Abstract

The growing adoption of Cloud computing has brought about the enhancement of cost-efficiency and effectiveness but also comes with increase in security vulnerabilities due to its distributed and multi-tenant architecture. This contribution if this study to the cloud security through the development of a hybrid intrusion detection system (IDS) that integrates Snort (N-IDS) and OSSEC (H-IDS) to achieve cross-layer alert correlation. Unlike standalone deployments or other deep learning models that are computationally intensive, the framework proposed is an open source that is interpretable, and also deployable in real-world environments.

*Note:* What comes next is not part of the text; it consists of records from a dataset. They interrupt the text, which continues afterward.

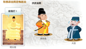 明太祖為使臣僚對其絕對忠誠,時常採用特務手段偵察臣僚言行。洪武初年,以高見賢等人任『檢校』職,專負責察聽在京大小衙門官吏的不公不法,以及各種風聞的流言。洪武15年,又進一步設立錦衣衛,專司偵察、審判、處刑。洪武後期,明太祖還時常在朝廷上杖責大臣,稱為廷杖,重者立斃杖下。
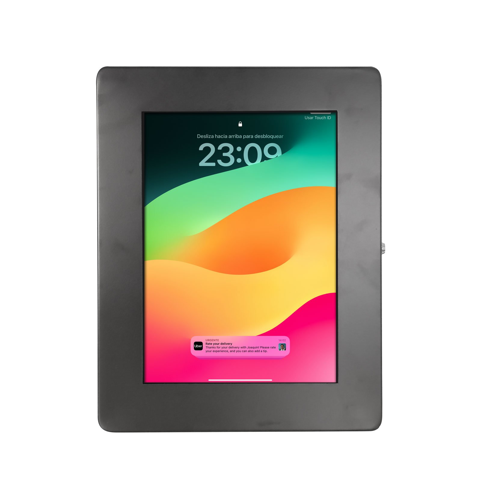 La ventana central del marco permite el uso táctil completo del iPad sin comprometer su funcionalidad. Además, la carcasa ha sido diseñada para cubrir completamente botones físicos, brindando una capa adicional de protección sin sacrificar la usabilidad.
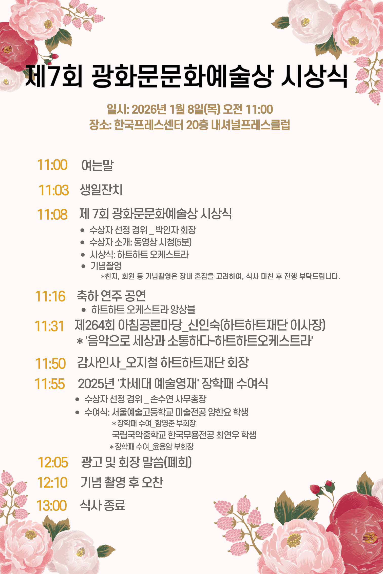 6일 광화문문화포럼(회장 박인자)은 제7회 광화문 문화예술상 수상자로 하트하트오케스트라를 선정했다고 밝혔다. 시상식은 오는 8일 오전 11시, 한국프레스센터 20층 내셔널프레스클럽에서 열린다.
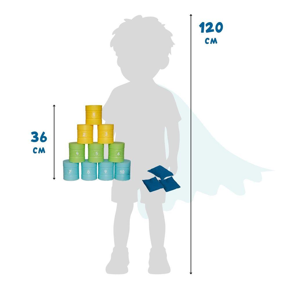 • Contiene 10 botes de colores y 3 saquitos para lanzar.
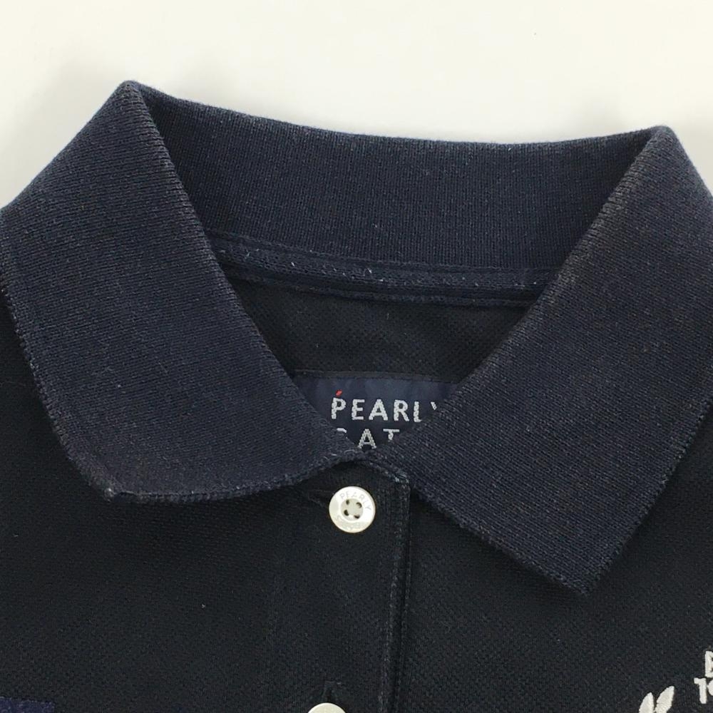 パーリーゲイツ 半袖ポロシャツ ダークネイビー×ネイビー×白 フロントロゴ レディース 1(M) ゴルフウェア PEARLY GATES
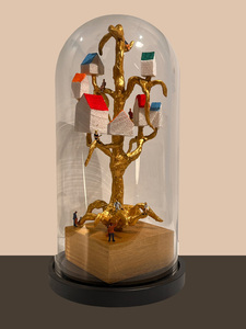 2024Leven onder een stolp, in bomen met daarin vogelachtig huisjes. Gedwongen door de woningnood.
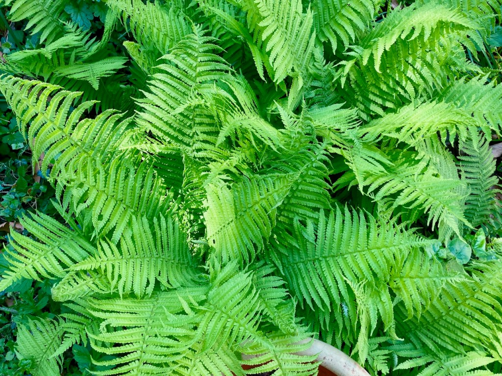 Womit ich nicht gerechnet hatte ist der Farn. Da gab es immer ein paar kümmerliche Pflanzen im Vorgarten, die auch schon beim ersten Anzeichen von Wärme und Trockenheit braun verschrumpelt den Geist aufgaben. Freitag früh noch kein Farn in Sicht und Gestern:
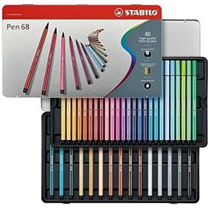 STABILO Pen 68 Pennarello 1 mm - Scatola in Metallo con 40 Colori Assortiti, Inchiostro a Base d'Acqua, Resistente fino a 24 Ore
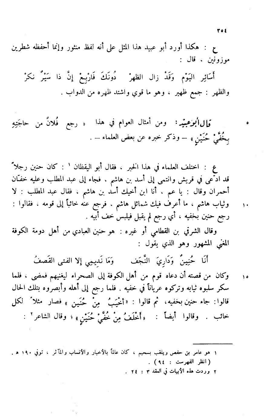 ع: اختلف العلماء في هذا الخبر، فقال أبو اليقظان (1) : كان حنين رجلاً قد ادعى في قريش وانتمى إلى أسد بن هاشم، فجاء إلى عبد المطلب وعليه خفان أحمران وقال: يا عم، أنا ابن أخيك أسد بن هاشم، فقال عبد المطلب: لا وثياب هاشم، ما أعرف فيك شمائل هاشم، فرجع عنه خائباً إلى قومه، فقالوا: رجع حنين بخفيه، أي رجع لم يقبل فيلبس خف أبيه.
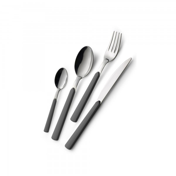 GLOUPIE Set 24 Posate Loft Grigio Per 6 Persone in Acciaio Inox e Manico In ABS Made In Italy Lavabili In Lavastoviglie
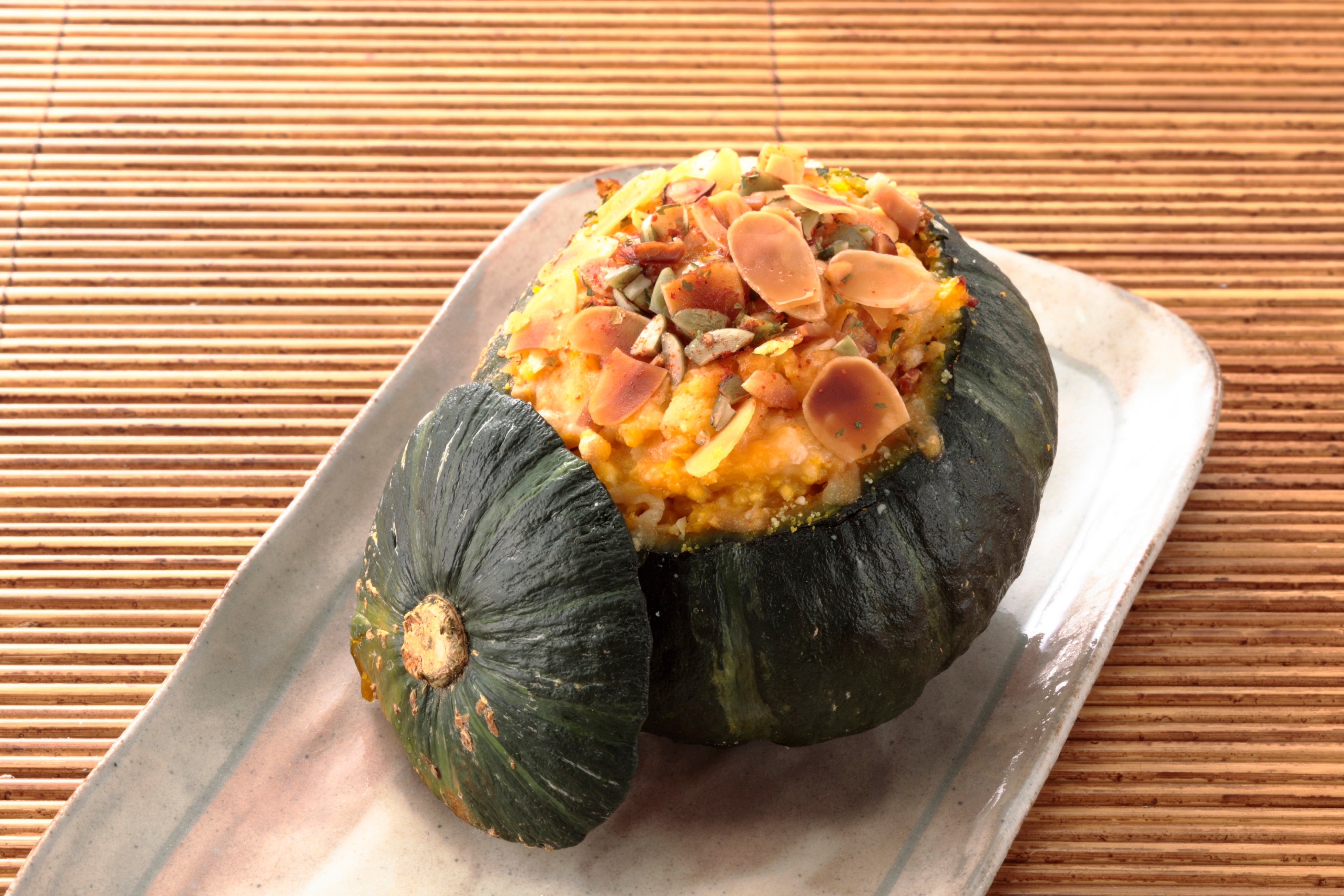 7月にオープンした新ショップ。中はかぼちゃアーモンド・玉ねぎなどがゴロゴロ、皮の器ごと味わえます。
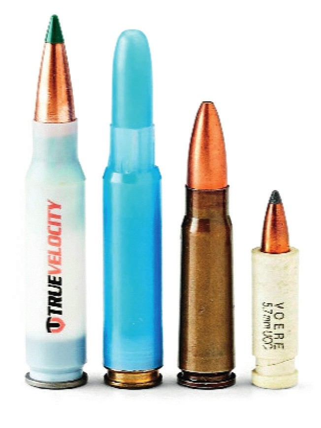 弹壳材质创新主要集中于步枪弹以减重降本。自左至右依次为:True Velocity的聚合物弹壳枪弹、带黄铜底缘的聚合物训练弹、俄罗斯钢壳弹和5.7mm无壳弹
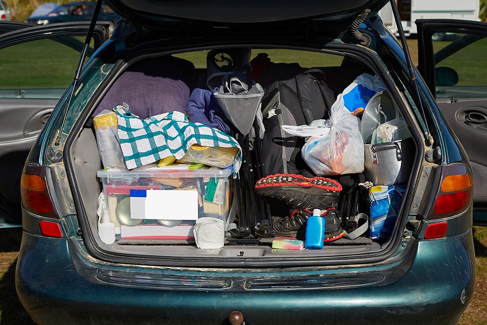 - Use small bins or organizers to store snacks, chargers, maps and other portable items to avoid cluttering the seats and car floor.
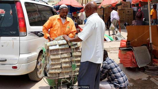 在索马里兰的哈尔格萨市,6名男子正围绕主街上一个色彩鲜艳的木制棚屋周围,高声争论着Khat(恰特草,被比作咖啡和可卡因的麻醉物)的质量,他们刚才匆忙将它们交给供应商。顾客们从里面出来,抓起这种当地可合法买卖的绿色叶状植物,认为它们已经足够好,并把所需购买钱数输入手机中付款,随后迅速消失。嘴里嚼着这种绿色植物的卖家奥马尔(Omar)说:“我们需要尽快做好有事情,在这里使用现金支付速度太慢。如果能迅速得到Khat,人们就能保持冷静。”
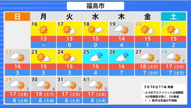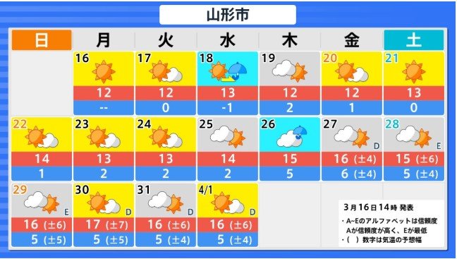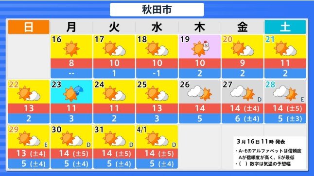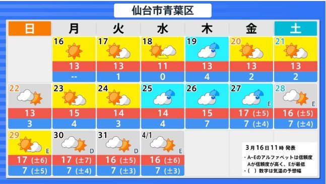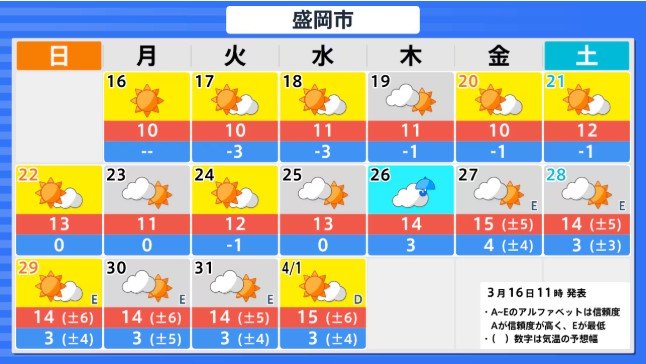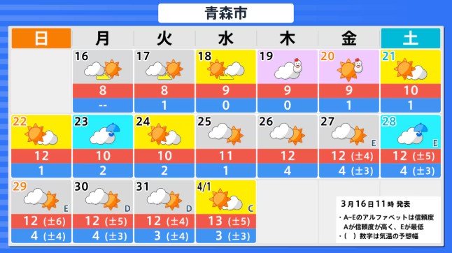 東北地方の向こう2週間の気温は、暖かい空気が流れ込みやすいため高く、23日頃からはかなり高くなる可能性があります。農作物の管理等に注意してください。積雪の多い地域ではなだれに注意してください。
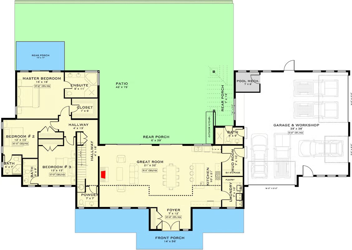 Welcome to the gallery of photos for the New American Barndominium House with Two-Story Great Room – 3111 Sq Ft. The floor plans are shown below:
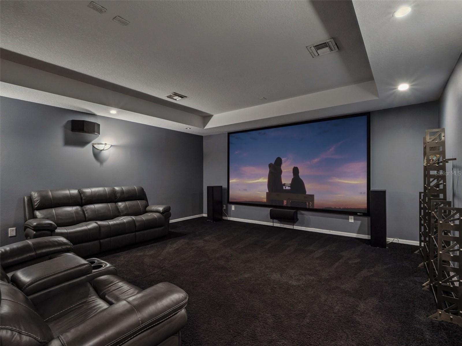 Inside, the home reveals four spacious bedrooms, four full baths, and multiple lifestyle spaces, including a dedicated home theater with wet bar and sound isolation, a workout or bonus room, and an expansive garage and workshop addition. The 2021 kitchen and living area renovation introduced elevated finishes, smart functionality, and timeless design, complemented by porcelain flooring throughout and upgraded electrical, plumbing, and mechanical systems that provide long-term peace of mind.

The experimental evaluation within a cloud testbed shows that the hybrid IDS was able to achieve 97.1% accuracy, a 94.1% detection rate, and a false alarm rate of only 0.2%, which performed better than Snort-only and OSSEC-only systems. The case-based simulations conducted further revealed that hybrid correlation does not just enhance the detection, but it also reduced false positives with better forensic trails, most especially in port scanning, brute-force login, and user-to-root exploits. When compared with previous IDS studies, the system achieved competitive accuracy while maintaining efficiency and transparency. Although tested in a limited-scale environment, this study establishes a practical foundation for adaptive, scalable, and prevention-oriented frameworks in cloud security.